• _Exercise_:
Leaving out all pictures, reproduce the entries below exactly, from the first line through the line that contains "Deep into January, I".

Source records:
■ ■ ■ ■ ■ ■ ■

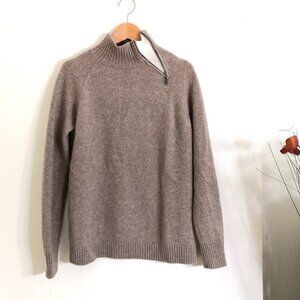 Garnet Hill Zip-Detail 100% Cashmere T-Neck sweater in Light Camel & White Size M
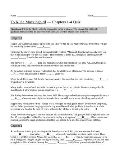 To Kill A Mockingbird Chapter 1 Reading Quiz To Kill A Mockingbird Quiz Chapter from i.pinimg.com Test yourself with our quiz! They offer him hot fry bread. In chapter 6 on dill's last night before returning to meridian, dill and jem have a plan they attempt to carry out under the cover of darkness. They offer two indian head pennies. What is tom robinson accused of in to kill a mockingbird by harper lee?, how old was harper l. May 29, 2015 · to kill a mockingbird is a modern classic, loved by bookworms around the globe, but how well do you know the characters and plot? Unfortunately, lee died while the movie was filming, so harper gave peck his watch and chain. To kill a mockingbird quiz 10 question trivia quiz, authored by ken1260
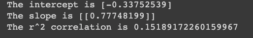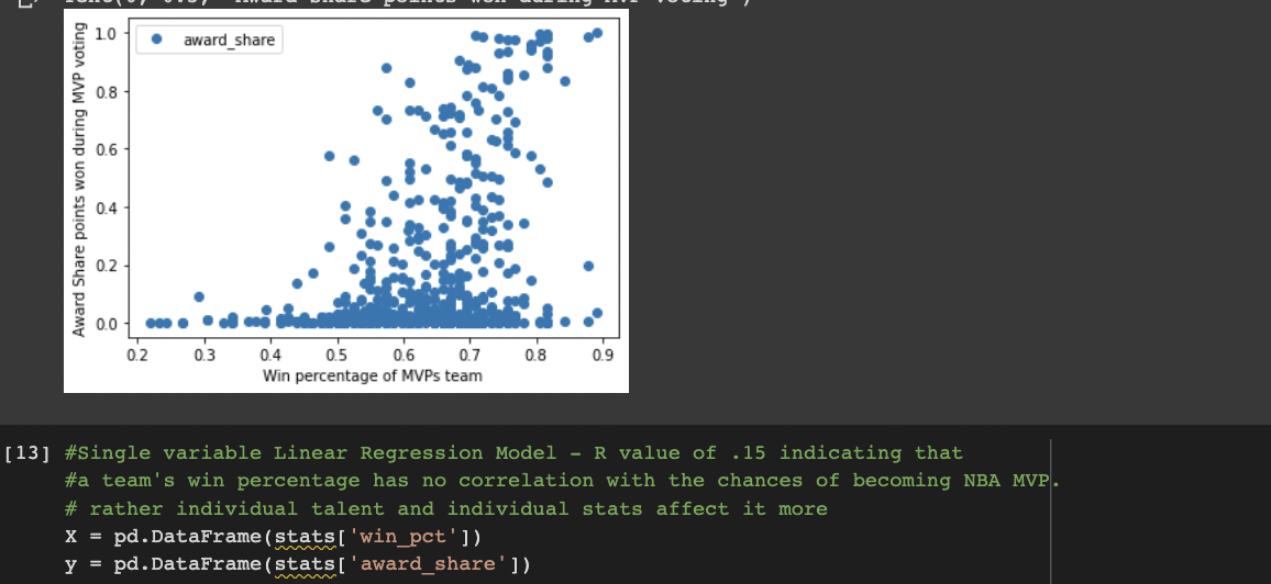 Single variable linear regression. Asseses how the win percentage of a candidate's team determines their chance of winning MVP. Poor r^2 value of .15 demonstrates no correlation. Scatter plot also demonstrates points all over the place with no line of best fit.
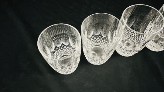 A SET OF 6 WATERFORD CRYSTAL COLLEEN PATTERN TUMBLERS, H 11CM.
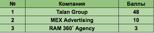 В категорию Агентства маркетинговых сервисов подались 3 участника, которые распределили между собой призовые места следующий образом:
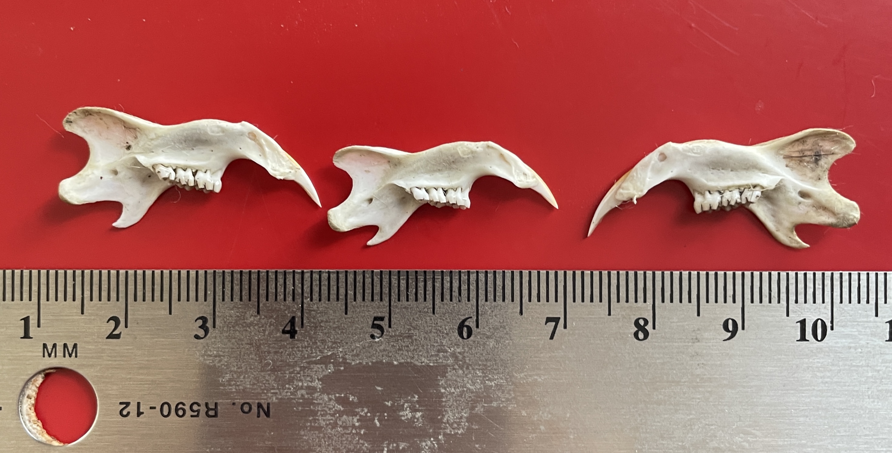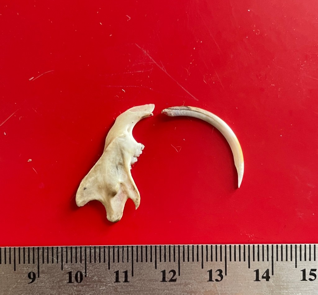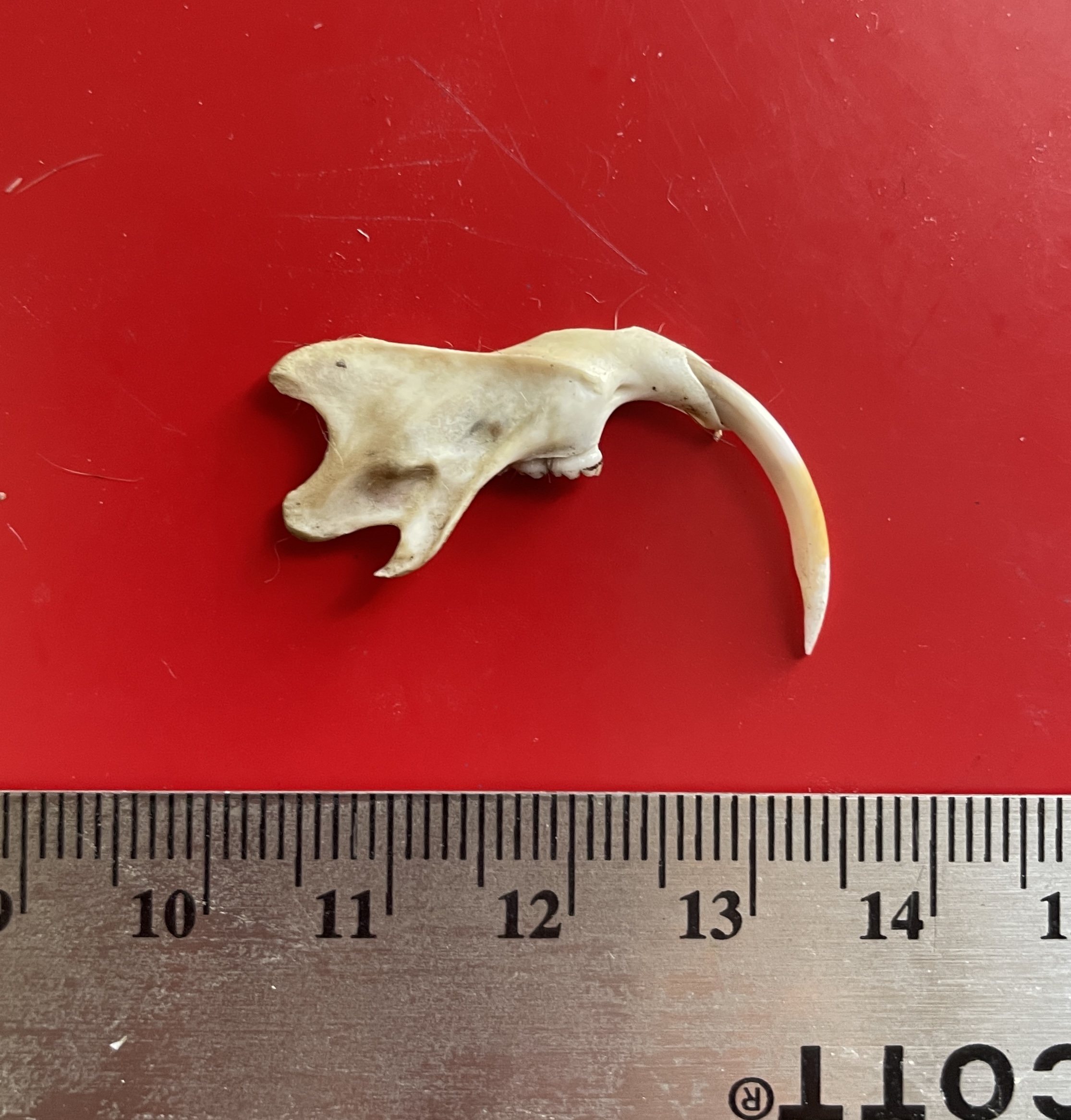 Deep into January, I searched for owl pellets.And then one day, I found several under a pine. All these regurgitated bits of rodent. Here are some lower jaw pieces. The incredible teeth…
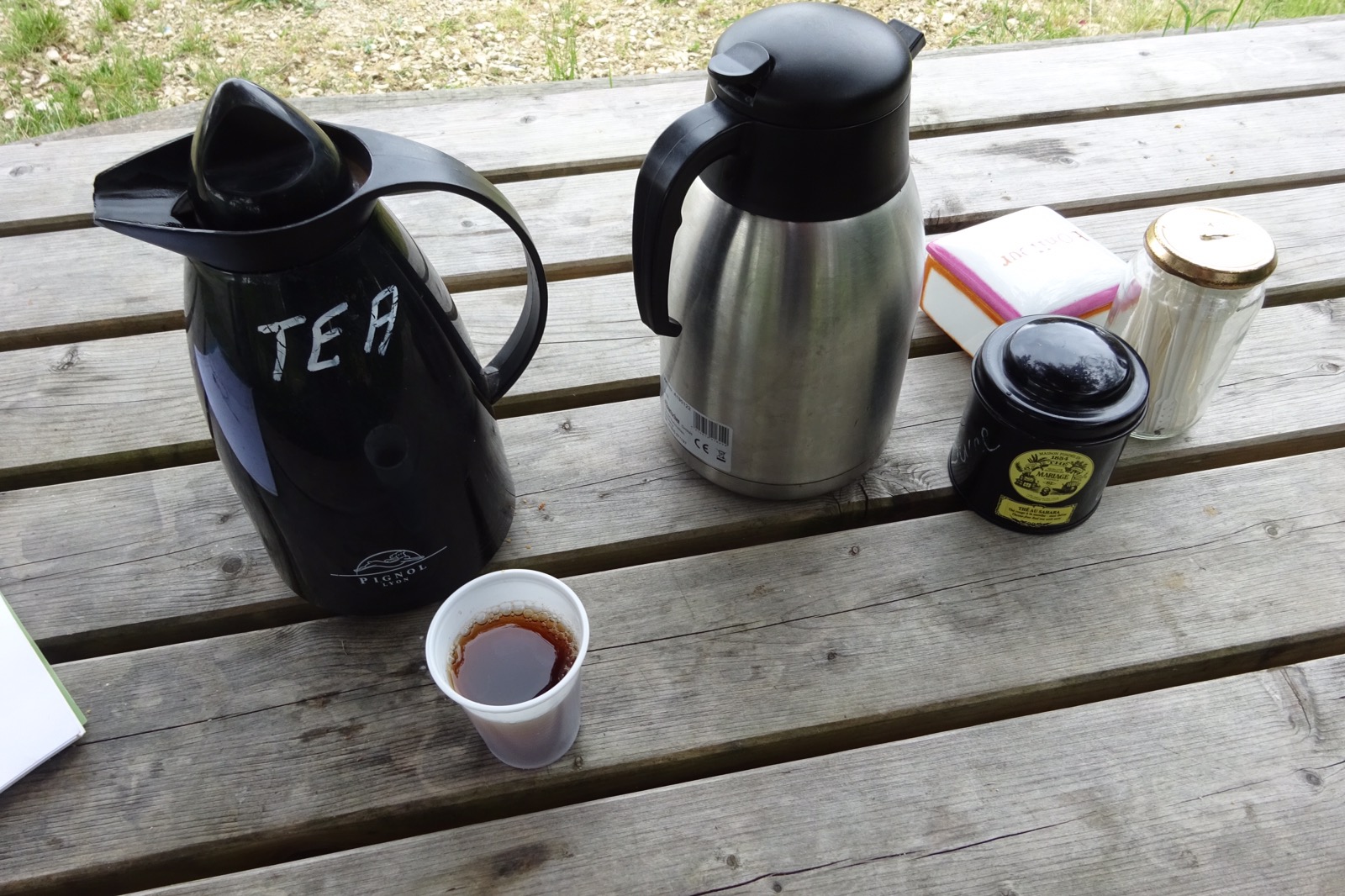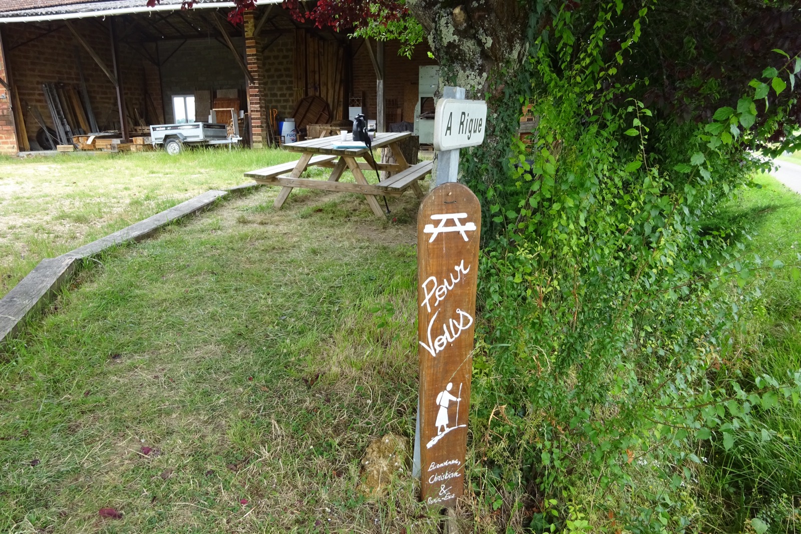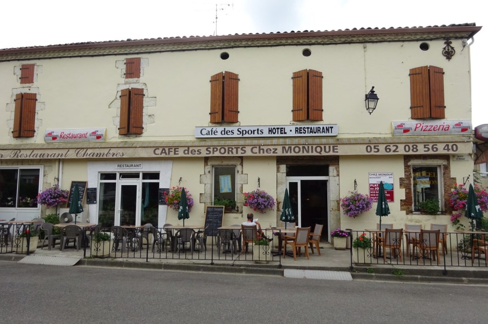 However I cheered up when I was clear of Eauze. Unfortunately I’d forgotten to refill my water bottle and soon experienced the gurgling noise of an empty water bladder. A little bit of a problem during a heat wave when there is still 2 hours to walk to the next village and one has burnt one’s bridges in the previous town. However, the Camino provides… and soon I passed a farm with a table outside and a flask of tea and coffee. A message said Pilgrims help yourselves and there was a book for comments. It restored my faith in humanity. I left a comment expressing my gratitude and eternal appreciation of their kindness. And all was well when I arrived in Manciet and checked into Monique’s Hotel and Cafe Sport. Kronenbourg on tap and tennis on the TV.
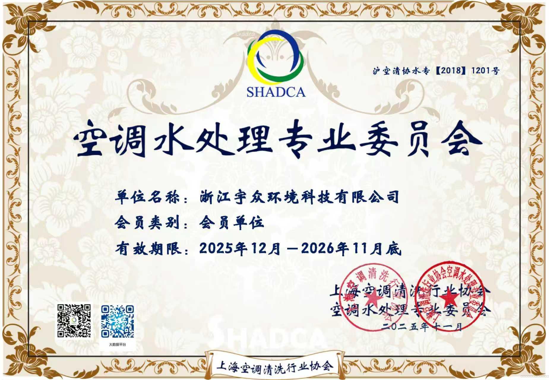 上海冷冻空调行业协会团体会员证书

■ ■ ■ ■ ■ ■ ■

• _Result of the task_:
 Garnet Hill Zip-Detail 100% Cashmere T-Neck sweater in Light Camel & White Size M
 To Kill A Mockingbird Chapter 1 Reading Quiz To Kill A Mockingbird Quiz Chapter from i.pinimg.com Test yourself with our quiz! They offer him hot fry bread. In chapter 6 on dill's last night before returning to meridian, dill and jem have a plan they attempt to carry out under the cover of darkness. They offer two indian head pennies. What is tom robinson accused of in to kill a mockingbird by harper lee?, how old was harper l. May 29, 2015 · to kill a mockingbird is a modern classic, loved by bookworms around the globe, but how well do you know the characters and plot? Unfortunately, lee died while the movie was filming, so harper gave peck his watch and chain. To kill a mockingbird quiz 10 question trivia quiz, authored by ken1260
 Single variable linear regression. Asseses how the win percentage of a candidate's team determines their chance of winning MVP. Poor r^2 value of .15 demonstrates no correlation. Scatter plot also demonstrates points all over the place with no line of best fit.
 A SET OF 6 WATERFORD CRYSTAL COLLEEN PATTERN TUMBLERS, H 11CM.
 В категорию Агентства маркетинговых сервисов подались 3 участника, которые распределили между собой призовые места следующий образом:
 Deep into January, I searched for owl pellets.And then one day, I found several under a pine. All these regurgitated bits of rodent. Here are some lower jaw pieces. The incredible teeth…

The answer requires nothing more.